Figures released by the government-run Environment Canada reveal a jump in the level of carcinogens dumped in mining waste lakes, or "tailings ponds," like arsenic, nickel, cadmium, benzene and polycyclic aromatic hydrocarbons (PAHs).

"Sizable quantities of heavy metals" were reported, the agency said.

In total, the country's five active oil sands mines released around 50,000 tons of potentially harmful pollutants in waste lakes between 2006 and 2009, according to preliminary records in the National Pollutant Release Inventory (NPRI).

During that time, the amount of arsenic, which is particularly harmful to human health, increased 26 percent — from 256 thousand kilograms in 2006 to 322 thousand kilograms in 2009. The data also shows that cadmium levels surged some 36 percent; nickel shot up around 30 percent, along with lead, a substance know to damage the brain.

Mercury levels, another potent neurotoxin, rose 13 percent in the same period.

The facilities, run by Syncrude Canada, Suncor Energy, Canadian Natural Resources and Royal Dutch Shell, deposited just over 50 different tailings in their ponds last year.

Environment Canada expressed some worries.

"While tailings ... in Canada are managed to reduce the risk of environmental contamination, concerns remain due to acidic drainage, potential leakage from tailings ponds and the possibility of wildlife contact with the tailings," it said of its findings.

Simon Dyer, oil sands program director at the Pembina Institute in Canada, said that while the data is not unexpected, it is nonetheless significant in that it makes exact figures public for the first time.

"[It is] very significant ... having this in the public sphere," Dyer told SolveClimate News. "In Alberta, industry talks about these things as benign water recycling structures in a way that even questions the toxicity.
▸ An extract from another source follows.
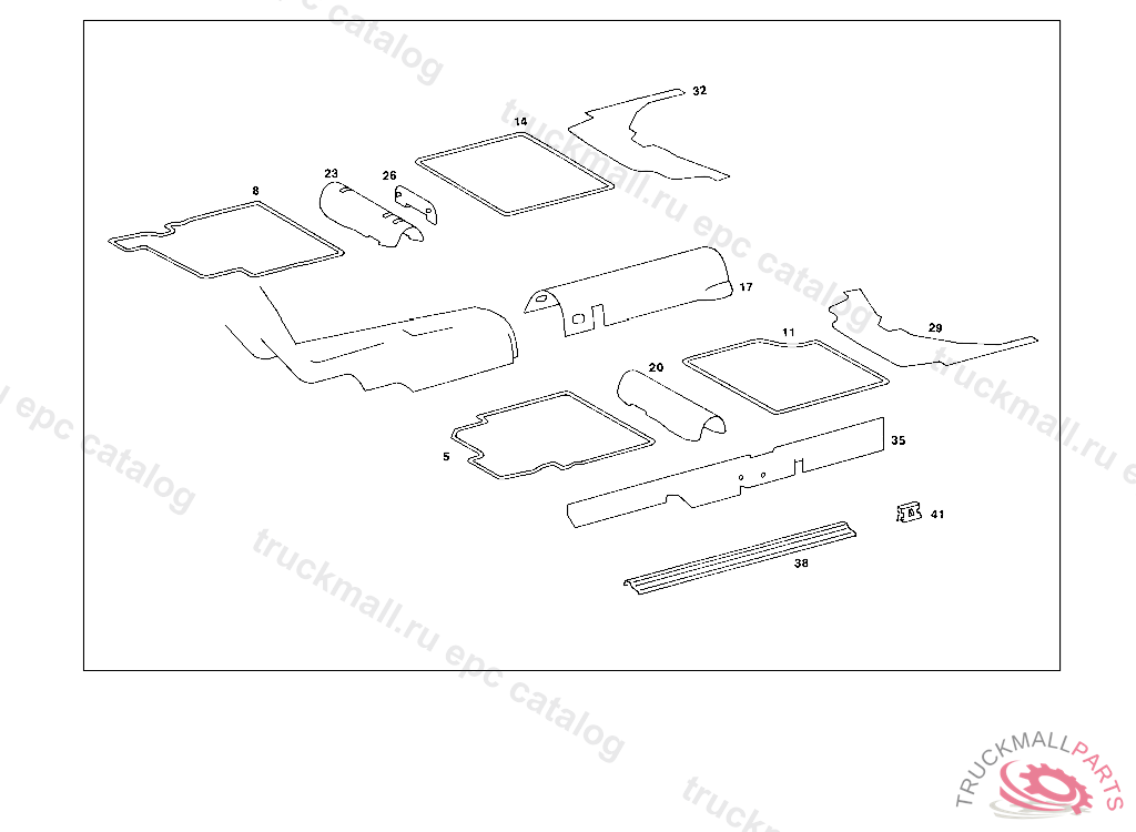 LINING LEFT,CROSS MEMBER BELOW REAR SEAT BENCH, UP TO CHASSIS NEW EQUIPMENT 9/79 033 063890 FEDERAL EXCEPT FOR 055239,061638,061696,062935,062964. 033 063873 CALIFORNIA EXCEPT FOR 063285,063290 123 149291 FEDERAL EXCEPT FOR 142621,143256,143516,144274,144277,144302,144557,145496,146832,147929,149171,149201,149219. 123 149278 CALIFORNIA EXCEPT FOR 135619,144819 130 164520 FEDERAL EXCEPT FOR 158847,159667,161729,161879,164216,164226,164273,164333,164372,164387,164410. 130 164506 CALIFORNIA EXCEPT FOR 138827,160568,161559,164179,164227,164306,164312,164324,164384,164391,164409,164482. NO.9029 INO.5052 INO.8171 INO.8233 INO.8234 INO.6063 I

Clearly that's not the case."

Lawsuit Spurns Action

The disclosure of the tailings pollution was ordered as part of a lawsuit filed by Ottawa-based EcoJustice in November 2007, on behalf of Great Lakes United, a coalition of advocacy groups, and MiningWatch Canada, a mining industry watchdog group.

In 2009, the Federal Court of Canada ordered the Canadian government to disclose data on both waste ponds and waste rock from all mining operations.
Previously, miners were responsible for declaring substances pumped into air, water and land only, but not in liquid stored in man-made ponds.